Back at the house I gave them a good washing and chopped them into bite-sized pieces, then popped a young basal leaf bit into my mouth. The mustard flavor was there, but relatively mild compared to pennycress, and the midribs had a nice crunch and surprising juiciness. Not bad. I gave Gregg a taste and his assessment was similar. Salad time!
Never Get Tired of Wild Salads
For last night’s salad I mixed young prickly lettuce greens, tumblemustard greens, and orache (Atriplex heterosperma), a triangular-leaved spinach relative that has a hint of salt to it, along with the chopped stems and leaves of a young salsify plant (Trapogon sp.). I think this might be my first salad with 100% wild greens. I found it a little dense due to the orache, but the mustard lightened things up a bit. To the wild green mix I added carrots and sweet corn cut from the cob for texture, with avocado and a nice oil and Balsamic vinegar dressing served on the side.
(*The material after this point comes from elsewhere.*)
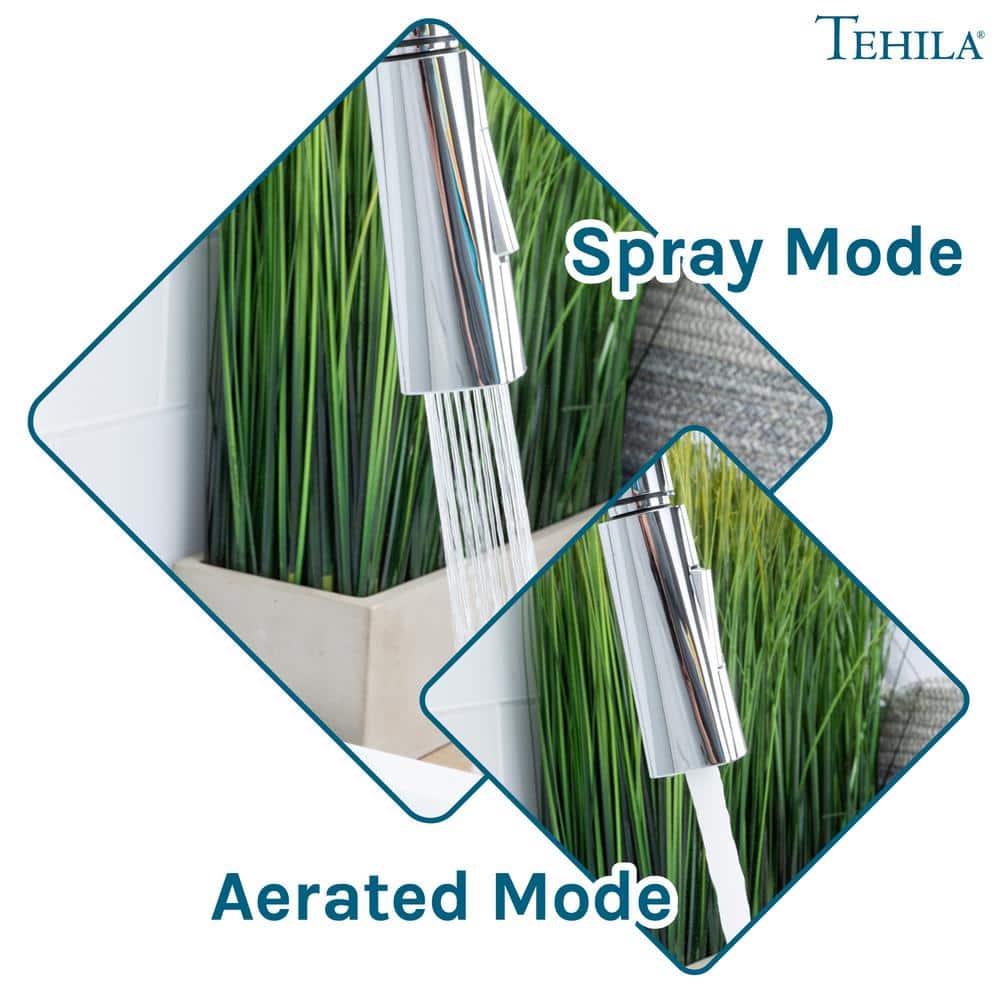 A: Yes, the faucet features a high-arc design for ease of use, a pull-down sprayer with 360-degree swivel, and a button rocker to switch between spray and aerated water.

“I love your wild salads,” Gregg said after polishing off my tumbleweed creation. “They make me feel so healthy.”
Updated 2.22.21
Butter says
I adore the labeled salad picture. What a great idea!
Eleana says
Thanks to your delightful articles and facebook posts, I now stroll through my property going- “Yep. I can eat that. Oooh, must try that one. Oh look! Salsify too.” lol Just when I think I’ve identified every edible around me, something new pops up. Keep up the great work, and the inspiring recipes!
Erica M. Davis says
Thank you so much for that kind compliment!